WHAT YOU SHOULD DO. From the data below, set down exactly the lines between the one holding "個(gè)樣本的數(shù)據(jù)窗口后停止模擬。我以 2 為例進(jìn)行說明(2*1024/600e6)" and the one holding "Below the knee", inclusive, and no others.

DATASET RECORDS.
+++

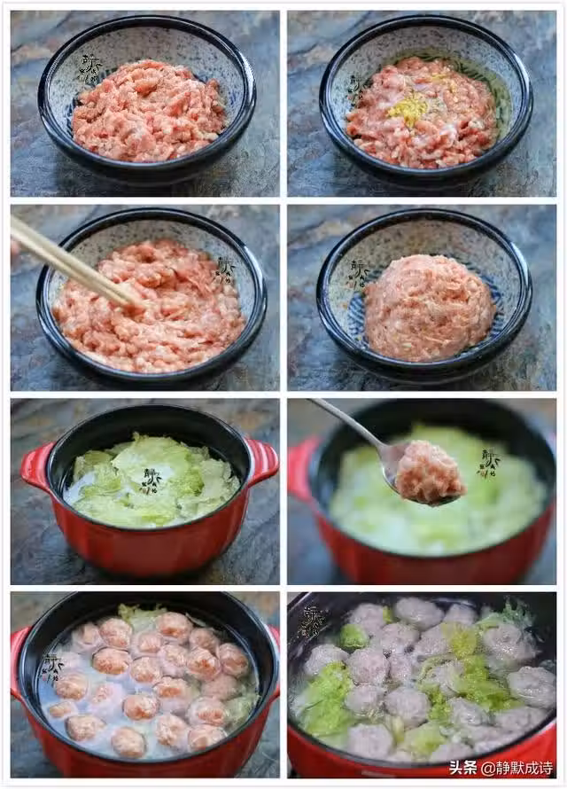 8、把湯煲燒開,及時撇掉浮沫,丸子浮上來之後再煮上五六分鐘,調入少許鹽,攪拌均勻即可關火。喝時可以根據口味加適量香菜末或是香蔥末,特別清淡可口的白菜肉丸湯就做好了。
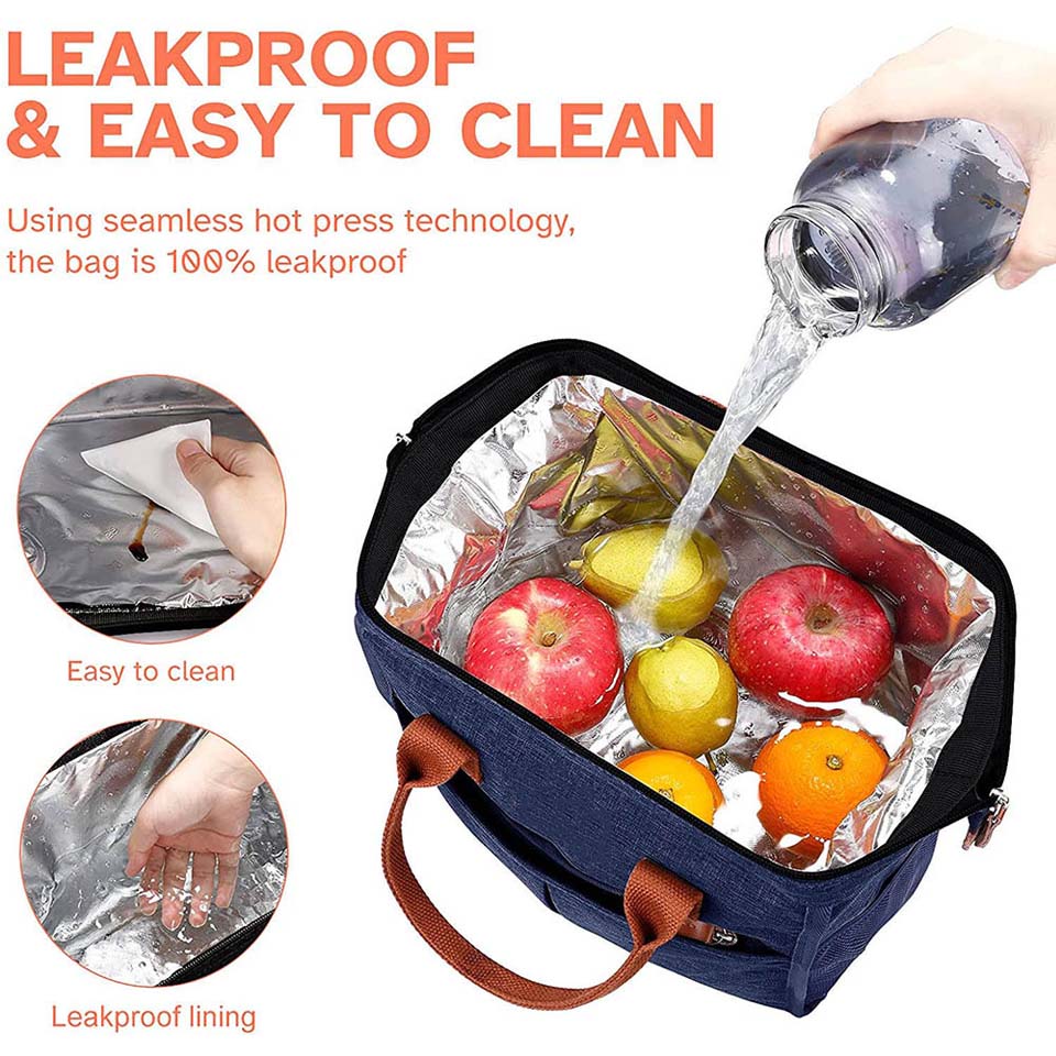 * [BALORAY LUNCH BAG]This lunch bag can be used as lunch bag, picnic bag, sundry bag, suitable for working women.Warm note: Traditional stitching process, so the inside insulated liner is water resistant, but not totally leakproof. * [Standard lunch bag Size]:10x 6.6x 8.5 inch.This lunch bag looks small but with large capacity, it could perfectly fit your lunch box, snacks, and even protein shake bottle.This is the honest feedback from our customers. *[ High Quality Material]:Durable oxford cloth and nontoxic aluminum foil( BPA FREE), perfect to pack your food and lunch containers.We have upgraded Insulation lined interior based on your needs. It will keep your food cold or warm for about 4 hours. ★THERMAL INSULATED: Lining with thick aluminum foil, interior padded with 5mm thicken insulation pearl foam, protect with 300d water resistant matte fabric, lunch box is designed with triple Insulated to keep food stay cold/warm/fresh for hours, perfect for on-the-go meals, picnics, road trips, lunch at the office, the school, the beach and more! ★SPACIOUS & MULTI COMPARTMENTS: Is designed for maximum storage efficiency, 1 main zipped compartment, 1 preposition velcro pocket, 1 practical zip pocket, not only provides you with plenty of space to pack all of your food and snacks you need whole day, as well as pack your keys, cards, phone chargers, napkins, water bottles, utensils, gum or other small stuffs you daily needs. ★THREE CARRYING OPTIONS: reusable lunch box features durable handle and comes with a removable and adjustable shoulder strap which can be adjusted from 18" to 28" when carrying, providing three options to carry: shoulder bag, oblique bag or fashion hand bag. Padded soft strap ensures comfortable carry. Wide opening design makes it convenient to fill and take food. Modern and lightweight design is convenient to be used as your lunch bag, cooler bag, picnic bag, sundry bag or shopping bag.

+++

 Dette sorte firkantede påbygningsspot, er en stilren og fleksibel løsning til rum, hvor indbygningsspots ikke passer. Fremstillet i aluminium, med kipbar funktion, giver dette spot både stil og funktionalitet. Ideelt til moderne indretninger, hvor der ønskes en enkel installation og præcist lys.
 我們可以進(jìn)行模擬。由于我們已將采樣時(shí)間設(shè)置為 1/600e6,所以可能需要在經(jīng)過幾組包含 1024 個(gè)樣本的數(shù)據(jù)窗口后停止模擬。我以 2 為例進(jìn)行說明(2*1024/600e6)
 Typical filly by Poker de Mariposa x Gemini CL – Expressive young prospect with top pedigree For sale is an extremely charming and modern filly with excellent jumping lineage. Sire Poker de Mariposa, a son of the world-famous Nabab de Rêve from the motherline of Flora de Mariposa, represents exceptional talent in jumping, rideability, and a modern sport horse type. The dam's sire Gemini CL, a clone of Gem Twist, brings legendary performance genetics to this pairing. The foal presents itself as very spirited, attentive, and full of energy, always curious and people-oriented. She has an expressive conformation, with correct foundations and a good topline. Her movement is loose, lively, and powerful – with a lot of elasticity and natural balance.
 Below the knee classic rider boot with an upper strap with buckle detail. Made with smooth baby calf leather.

+++

EXERCISE RESULT.
 我們可以進(jìn)行模擬。由于我們已將采樣時(shí)間設(shè)置為 1/600e6,所以可能需要在經(jīng)過幾組包含 1024 個(gè)樣本的數(shù)據(jù)窗口后停止模擬。我以 2 為例進(jìn)行說明(2*1024/600e6)
 Typical filly by Poker de Mariposa x Gemini CL – Expressive young prospect with top pedigree For sale is an extremely charming and modern filly with excellent jumping lineage. Sire Poker de Mariposa, a son of the world-famous Nabab de Rêve from the motherline of Flora de Mariposa, represents exceptional talent in jumping, rideability, and a modern sport horse type. The dam's sire Gemini CL, a clone of Gem Twist, brings legendary performance genetics to this pairing. The foal presents itself as very spirited, attentive, and full of energy, always curious and people-oriented. She has an expressive conformation, with correct foundations and a good topline. Her movement is loose, lively, and powerful – with a lot of elasticity and natural balance.
 Below the knee classic rider boot with an upper strap with buckle detail. Made with smooth baby calf leather.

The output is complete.